Mirror of the gdb mailing list
 help / color / mirror / Atom feed
* Checking function calls
@ 2002-12-04 18:02 Fredrik Tolf
  0 siblings, 0 replies; 6+ messages in thread
From: Fredrik Tolf @ 2002-12-04 18:02 UTC (permalink / raw)
  To: gdb

I'm having a strange problem in a program that I'm writing (in C). The
background is essentially as follows:
The program is multithreaded, and in one thread I'm looping through a
linked list, and because elements may be freed inside the loop, I have
an extra variable to hold a pointer to the next element. I only use this
variable three times in total, like this:

for(cur = list; cur != NULL; cur = next)
{
    if((next = cur->next) != NULL)
        pthread_mutex_lock(&next->mutex);
    ... /* next is not mentioned anymore */
}

There is a bug, which happens extremely seldomly (the program can go for
days without anything happening), that appears to change the content the
next variable, usually to something between 0x10 and 0x30. This, of
course, causes the thread to segfault in the next iteration.
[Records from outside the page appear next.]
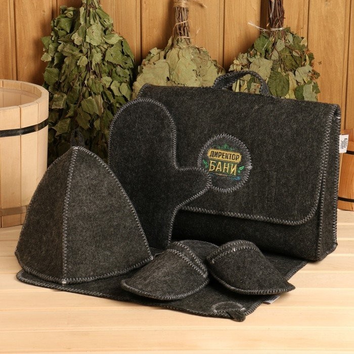 Набор банный «Мужской» портфель 5 предметов, серый, с вышивкой
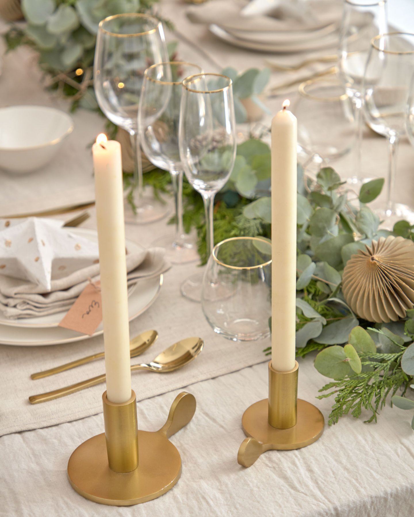 Подсвечники полностью сделаны из алюминия. Металл окрашен в золотой цвет гальванической краской. Технология порошкового нанесения обеспечивает идеальное покрытие, которое усиливает блеск металла.
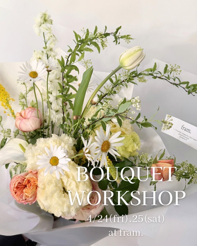 ブーケのワークショップを行います! どんなところに飾ろう・どんな時に見たいかな。 皆で「好き・わくわく」を優しくぎゅっと集める時間です。 自分へのご褒美・大切なあの子へ。 どんなご用途でもOK! 初めての方でも安心してご参加いただけます! お一人でも、複数人でもご参加いただけます! 「OOが不安、、」なんでもお気軽にご相談ください♪ 皆様にお会いできますこと、楽しみにしております!!! 【ワークショップ内容】 ・ブーケのワークショップ 花材選びのコツ・刺しかた・飾り方など丁寧にお伝えします! 【定員】3名 【日時】4月24日(金) 11:00-13:00 【場所】FRAM-flower studio-(当店) 〒156-0055 東京都世田谷区船橋1-1-3 103 【料金】¥8,800税込(花材・資材代・講師代込み) 【持ち物】 ハサミや、道具はこちらでご用意しております。 お手拭きやエプロン等気になる方はご持参ください。 【キャンセルポリシー】 3日前までのキャンセルは全額返金or スタッフが作成したブーケを発送 2日前以降 スタッフが作成したブーケを発送
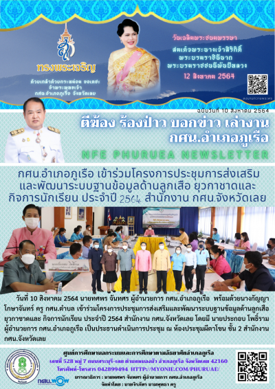 วันที่ 10 สิงหาคม 2564 นายทศพร จันทศร ผู้อำนวยการ กศน.อำเภอภูเรือ
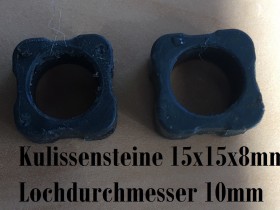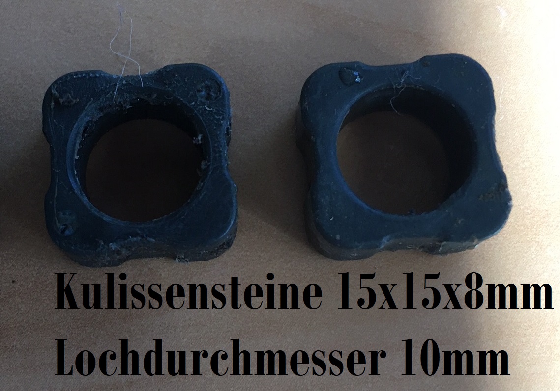 Hallo Community, ich suche aus einer Schlachtbrühgruppe von Siemens oder Bosch zwei Kulissensteine mit den Maßen 15x15x8mm, Lochdurchmesser 10mm. Wäre schön, wenn mir jemand für kleines Geld im Briefkuvert welche schicken könnte, die Brühgruppe ist ansonsten Top in Schuss.
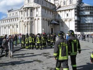 I vigili del fuoco vicino al Battistero, in piazza dei Miracoli
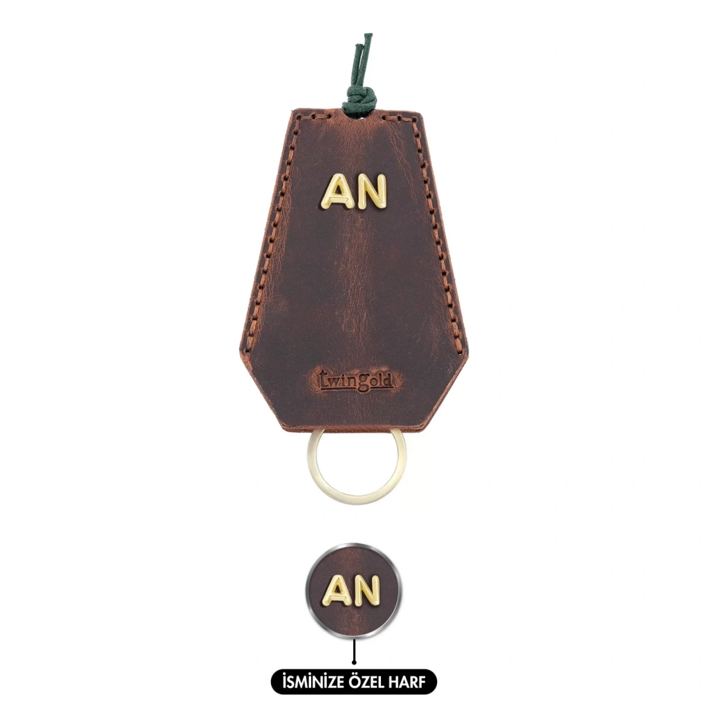İsme Özel İpli Anahtarlık - % 100 Crazy Deri - AG01002 - Kahverengi
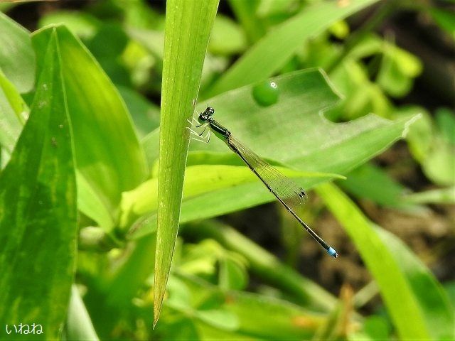 畑の雑草の間を何か虫が飛んでいるのを見つけました。細い糸みたいなトンボです。名前は、よく似たのに「アオモンイトトンボ」がいますが、お尻の先の水色の部分の位置と大きさで「アジアイトトンボ」となります。撮影;Nikon_coolpix-p900アジアイトトンボ;トンボ目、イトトンボ科、L=30mm
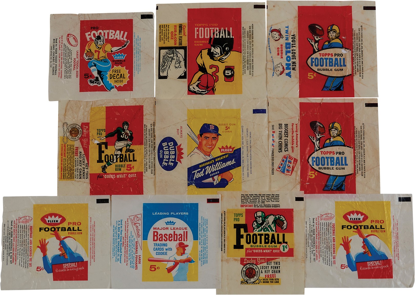 Fresh to the market group with 1959 Fleer Ted Williams 5c VG-EX. Plus Topps football: (2) 1957 Topps 5c (couple of holes), 1958 Topps 5c (nice EX+), 1959 Topps 1c (small tear EX), 1959 Topps 5c (FR-GD). Fleer football: 1960 Fleer 5c (VG), 1962 Fleer (2) 5c (EX), 1963 Fleer 5c (EX+).
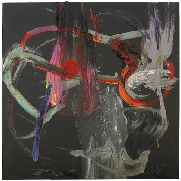 Stephen Mueller made “Take That Back (Black #282)” with paint, and I get the feeling that he had fun doing it. There's something so free about the way he lets the colors play against the dark ground. Looking closely, you can see how the paint is applied, sometimes thick, sometimes thin, almost transparent in places. I love the way he uses the brush to create these swirling, almost floral forms. Like in the lower section of the piece, that little cluster of red, white, and blue strokes against the black. It's like a burst of energy, a little firework right there on the canvas. The colors are so vibrant, they almost seem to glow against the dark background, creating this incredible tension, between light and dark. Mueller’s work reminds me of the paintings of Joan Mitchell. But where Mitchell is all sweeping gestures, Mueller is tighter, more intimate, but just as playful, embracing the mess and the magic that happens when you let the paint lead the way.

At first I
was expecting that another thread somehow gets there and modifies the
storage memory of next. I realized that it was extremely unlikely that
this would happen, especially since it was this variable and nothing
else that was being changed, but I didn't have any other lead. Recently,
I debugged it a little, and found that next is actually being stored in
a register (EBX, more specifically, I'm using an IA32 arch).
At first I therefore suspected a compile error by gcc, but after
checking the assembly output, I ruled out that possibility; EBX was
being used exactly as instructed. The possibility that the next element
of the list structure is changed and then loaded into the next variable
is also impossible. Therefore, the failure has to be that a called
function doesn't restore EBX correctly, on rare occasions, right? If I'm
not completely mistaken, there is no other possibility.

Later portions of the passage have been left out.